33. The linear polyribonucleotide of embodiment 31 or 32, wherein the polypeptide is a biologically active polypeptide.
34. The linear polyribonucleotide of any of embodiments 31-33, wherein the polypeptide is a polypeptide for therapeutic or agricultural use.
35. The linear polyribonucleotide of any of embodiments 31-34, wherein the polypeptide is a polypeptide having a sequence encoded in the genome of a vertebrate, invertebrate, plant, or microorganism.
36. The linear polyribonucleotide according to any of embodiments 31-34, wherein the polypeptide has a biological effect when contacted with a vertebrate, invertebrate, or plant, or when contacted with a vertebrate cell, invertebrate cell, microbial cell, or plant cell.
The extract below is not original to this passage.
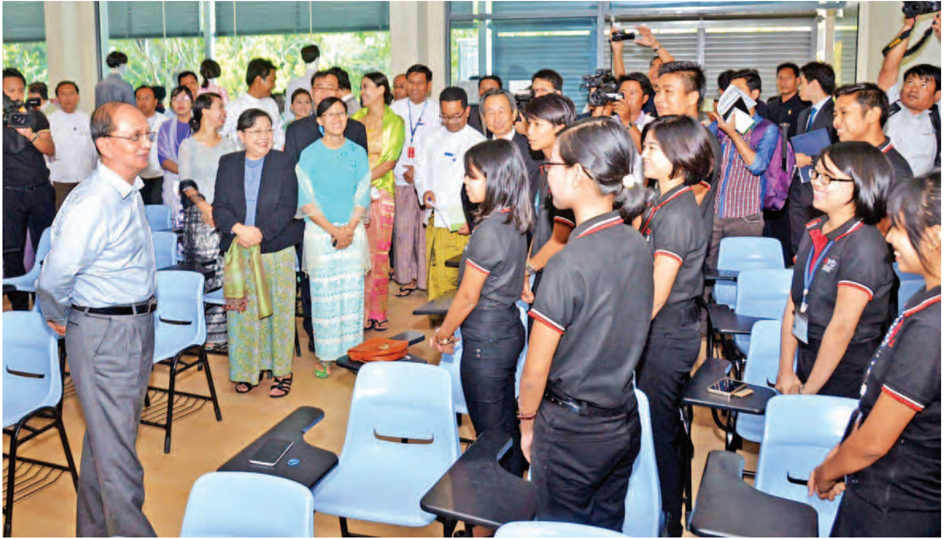
နိုင်ငံတော်သမ္မတ ဦးသိန်းစိန် စင်ကာပူ-မြန်မာ သက်မွေးပညာသင်တန်းကျောင်း(ရန်ကုန်)မှ ကျောင်းသား ကျောင်းသူများအား ရင်းရင်းနှီးနှီးနှုတ်ဆက်စဉ်။ (သတင်းစဉ်)

နေပြည်တော် မတ် ၁၁ ပြည်ထောင်စုသမ္မတမြန်မာနိုင်ငံတော် နိုင်ငံတော်သမ္မတ ဦးသိန်းစိန်သည် ယနေ့ နံနက်ပိုင်းတွင် ဧရာဝတီတိုင်းဒေသကြီး ဟင်္သာတခရိုင် လွန်မြို့နယ် ဝါသလ-မေခုံ ရွာအနီး မြစ်ကမ်းစားခြင်းနှင့် ရေဘေးအန္တရာယ်ကာကွယ်ခြင်း လုပ်ငန်းစီမံကိန်းနှင့် ရန်ကုန်မြို့၊ ပဟန်းမြို့နယ် နတ်မောက်လမ်းရှိ စင်ကာပူ-မြန်မာသက်မွေးပညာသင်တန်းကျောင်းတို့ကို သွားရောက်ကြည့်ရှုစစ်ဆေးသည်။ စာမျက်နှာ ၈ ကော်လံ ၁ သို့ ၁၆

37. The linear polyribonucleotide according to embodiment 35 or 36, wherein the vertebrate is selected from the group consisting of a human, a non-human mammal, a reptile, a bird, an amphibian, and a fish.
38. The linear polyribonucleotide according to embodiment 35 or 36, wherein the invertebrate is selected from the group consisting of an insect, a arachnid, a nematode, or a mollusc.
39. The linear polyribonucleotide according to embodiment 35 or 36, wherein the plant is selected from monocot, dicot, gymnosperm, or eukaryotic algae.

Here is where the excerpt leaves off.